▶ [TASK GOAL]:
Leaving out pictures, output exactly the lines below from the one that has "A comprehensive 3D" through the one that has "QCM-D data were", and nothing else.
== EXERCISE INPUT
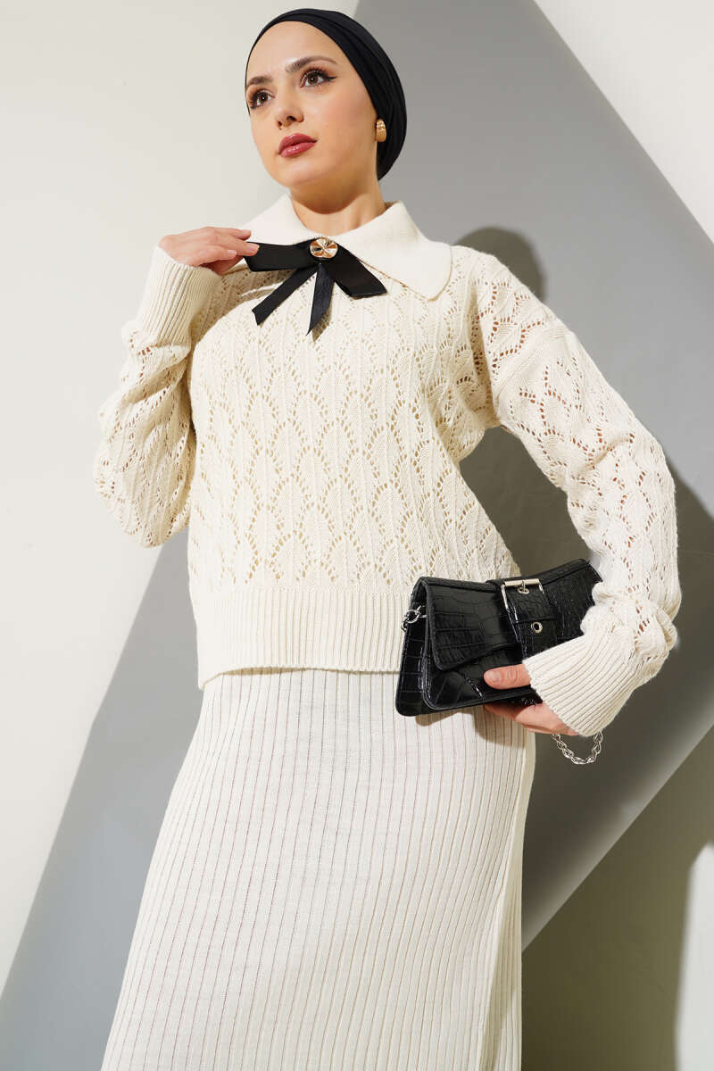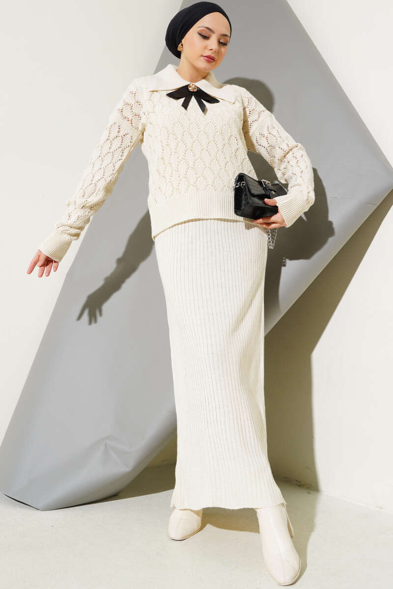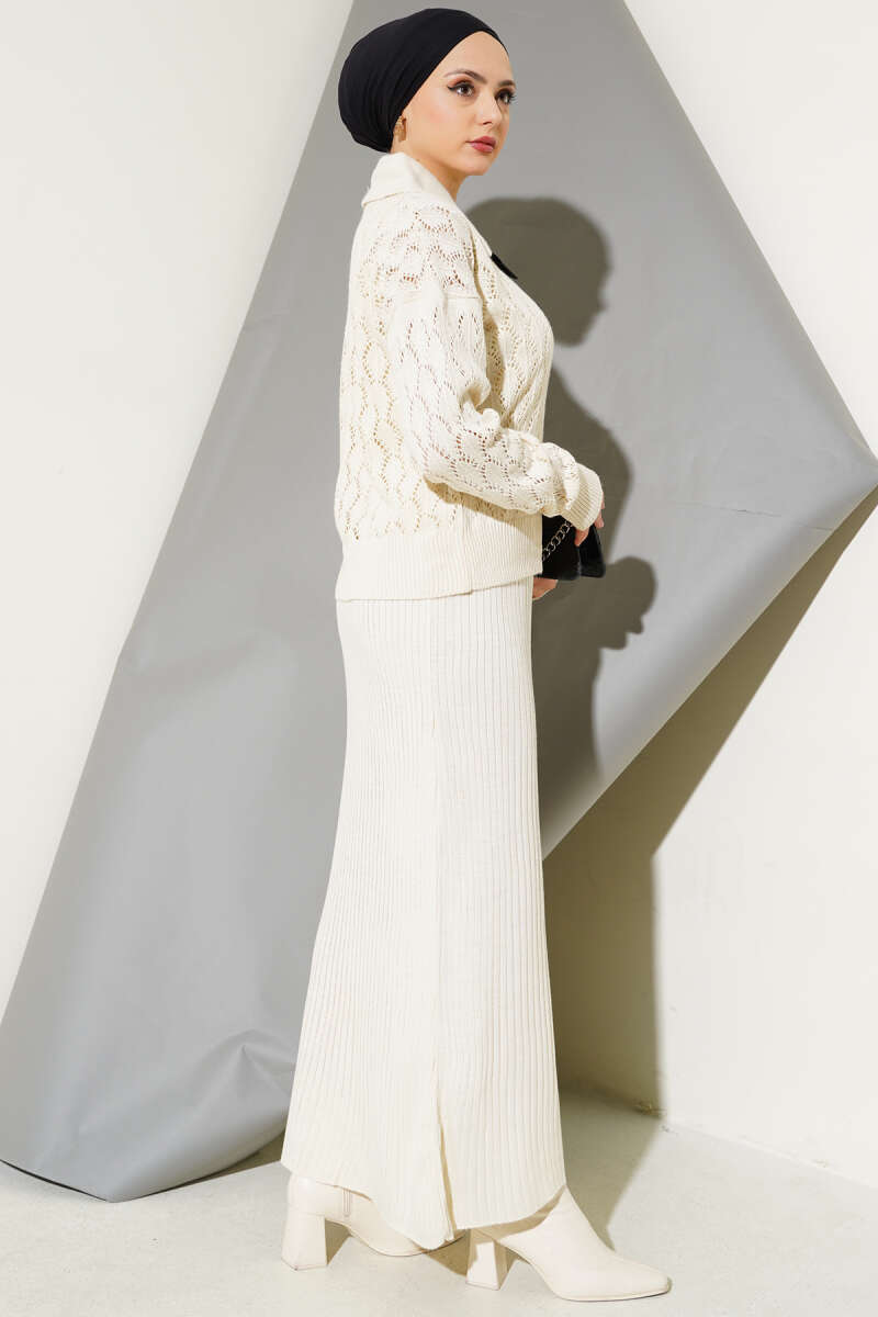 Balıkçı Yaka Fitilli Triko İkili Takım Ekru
====
== EXERCISE INPUT
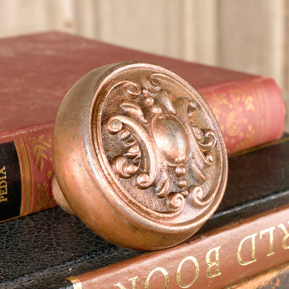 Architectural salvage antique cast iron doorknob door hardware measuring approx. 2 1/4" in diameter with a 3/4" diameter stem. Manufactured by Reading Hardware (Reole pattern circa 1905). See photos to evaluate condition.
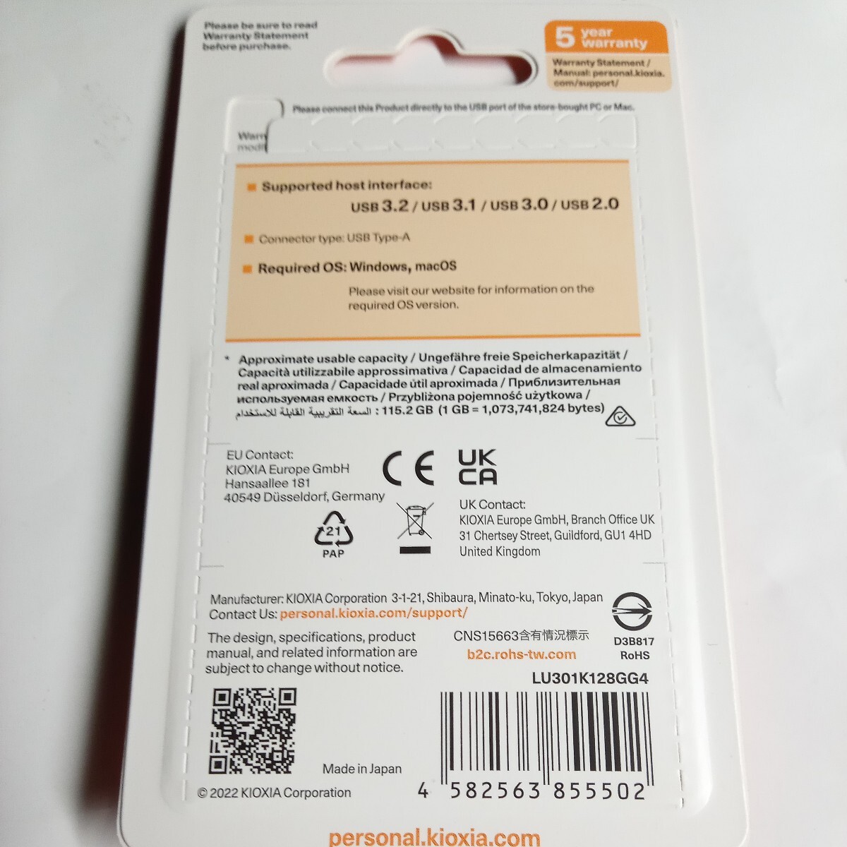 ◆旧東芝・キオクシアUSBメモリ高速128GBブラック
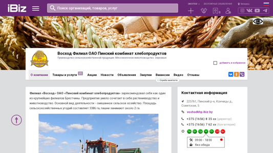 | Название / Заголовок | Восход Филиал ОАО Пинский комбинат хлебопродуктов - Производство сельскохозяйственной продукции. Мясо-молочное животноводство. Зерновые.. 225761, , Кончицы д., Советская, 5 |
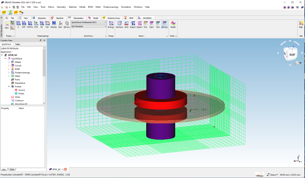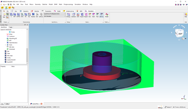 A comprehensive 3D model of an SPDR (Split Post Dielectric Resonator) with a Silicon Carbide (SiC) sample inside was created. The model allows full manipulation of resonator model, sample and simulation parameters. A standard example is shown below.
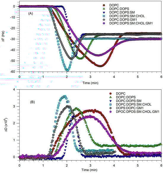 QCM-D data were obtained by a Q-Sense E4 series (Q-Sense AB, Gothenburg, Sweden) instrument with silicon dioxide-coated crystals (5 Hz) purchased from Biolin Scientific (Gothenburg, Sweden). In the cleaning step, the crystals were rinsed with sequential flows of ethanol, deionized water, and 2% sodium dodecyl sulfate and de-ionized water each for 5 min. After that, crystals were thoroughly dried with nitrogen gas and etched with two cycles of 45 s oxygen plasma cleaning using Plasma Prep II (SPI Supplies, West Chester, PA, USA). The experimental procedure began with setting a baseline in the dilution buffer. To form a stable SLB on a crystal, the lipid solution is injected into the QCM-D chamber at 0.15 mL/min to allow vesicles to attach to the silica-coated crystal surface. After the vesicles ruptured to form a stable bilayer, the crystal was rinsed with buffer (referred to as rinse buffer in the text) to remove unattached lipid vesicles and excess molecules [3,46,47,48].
====
== EXERCISE INPUT
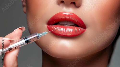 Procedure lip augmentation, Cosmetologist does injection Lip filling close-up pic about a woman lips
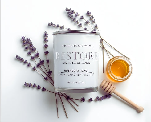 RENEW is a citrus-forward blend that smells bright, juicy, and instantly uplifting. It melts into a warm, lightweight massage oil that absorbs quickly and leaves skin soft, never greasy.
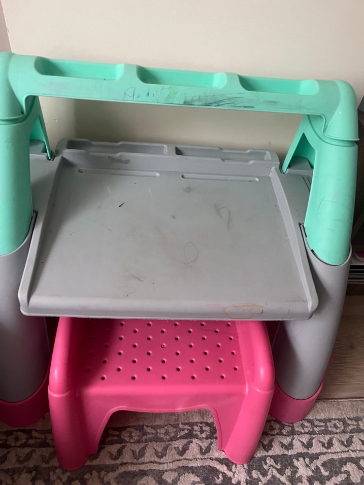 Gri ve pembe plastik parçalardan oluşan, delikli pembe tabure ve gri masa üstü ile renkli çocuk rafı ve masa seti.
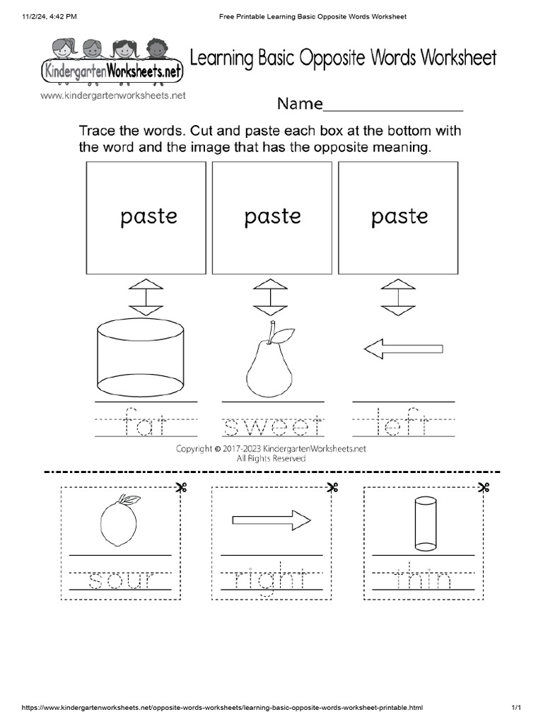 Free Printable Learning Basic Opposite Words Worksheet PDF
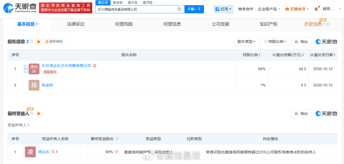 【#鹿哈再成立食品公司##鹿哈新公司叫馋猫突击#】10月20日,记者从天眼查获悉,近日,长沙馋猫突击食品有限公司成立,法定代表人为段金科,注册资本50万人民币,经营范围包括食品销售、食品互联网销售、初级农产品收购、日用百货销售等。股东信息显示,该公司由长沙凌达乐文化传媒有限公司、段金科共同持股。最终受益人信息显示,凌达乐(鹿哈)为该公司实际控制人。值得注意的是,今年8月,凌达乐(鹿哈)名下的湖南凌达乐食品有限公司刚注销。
====
▶ [EXERCISE OUTPUT]:
 A comprehensive 3D model of an SPDR (Split Post Dielectric Resonator) with a Silicon Carbide (SiC) sample inside was created. The model allows full manipulation of resonator model, sample and simulation parameters. A standard example is shown below.
 QCM-D data were obtained by a Q-Sense E4 series (Q-Sense AB, Gothenburg, Sweden) instrument with silicon dioxide-coated crystals (5 Hz) purchased from Biolin Scientific (Gothenburg, Sweden). In the cleaning step, the crystals were rinsed with sequential flows of ethanol, deionized water, and 2% sodium dodecyl sulfate and de-ionized water each for 5 min. After that, crystals were thoroughly dried with nitrogen gas and etched with two cycles of 45 s oxygen plasma cleaning using Plasma Prep II (SPI Supplies, West Chester, PA, USA). The experimental procedure began with setting a baseline in the dilution buffer. To form a stable SLB on a crystal, the lipid solution is injected into the QCM-D chamber at 0.15 mL/min to allow vesicles to attach to the silica-coated crystal surface. After the vesicles ruptured to form a stable bilayer, the crystal was rinsed with buffer (referred to as rinse buffer in the text) to remove unattached lipid vesicles and excess molecules [3,46,47,48].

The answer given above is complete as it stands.